◆ Supplied data
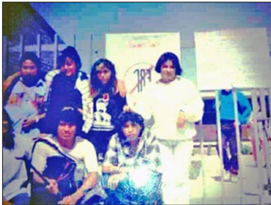
Mexico, 1994: Students supporting the fight against anti-immigrant Proposition 187 in California

Also, immigrants and their children are increasingly necessary for the bosses’ plans for imperialist war. They serve as soldiers, marines, sailors, and airmen. The active-duty military currently contains more than 65,000 immigrants.
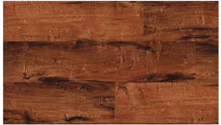
LLP96 Salem 1050mm x 250mm (41.3" x 9.85")
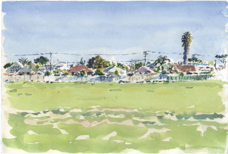
Afternoon Fenceline near Adelaide Airport 2020 watercolour on paper 19.5 x 29cm
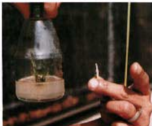
Explant (young inflorescence) held in fingers and tissue-cultured plantlets grown in the bottle
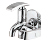
Bib Cock Two Way
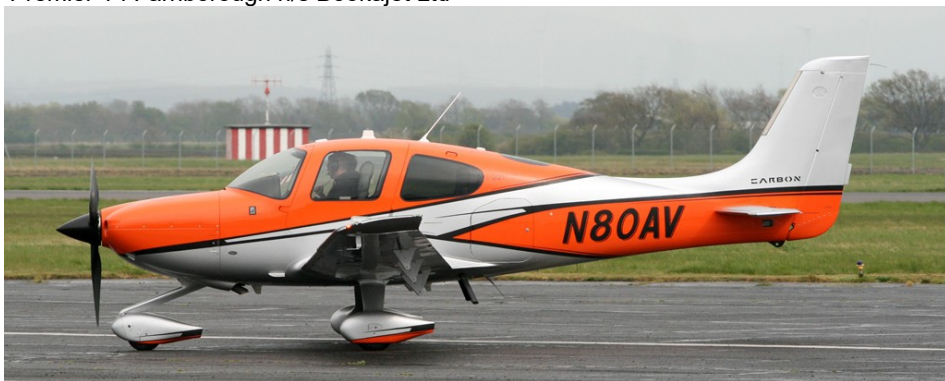
N80AV Cirrus SR-22T 26/04
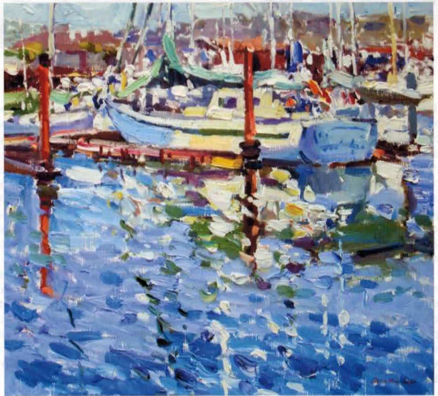
"Summer Light," oil, 22" x 24"
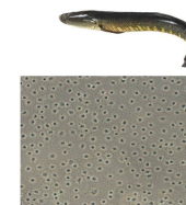
CSCVC Cell line
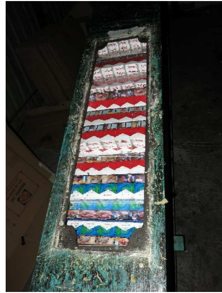
Duty-unpaid cigarettes concealed in the beams of the excavator arms.
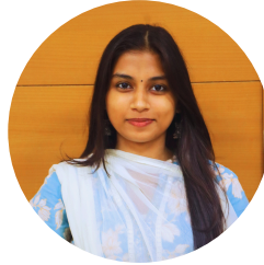
SHOBHNA KASHYAP ACTOR

◆ Exercise brief
Repeat word for word only the lines from the line holding "Afternoon Fenceline near" to the final line of the material, both included. Don't carry over any picture.

◆ Written solution
Afternoon Fenceline near Adelaide Airport 2020 watercolour on paper 19.5 x 29cm
Explant (young inflorescence) held in fingers and tissue-cultured plantlets grown in the bottle
Bib Cock Two Way
N80AV Cirrus SR-22T 26/04
"Summer Light," oil, 22" x 24"
CSCVC Cell line
Duty-unpaid cigarettes concealed in the beams of the excavator arms.
SHOBHNA KASHYAP ACTOR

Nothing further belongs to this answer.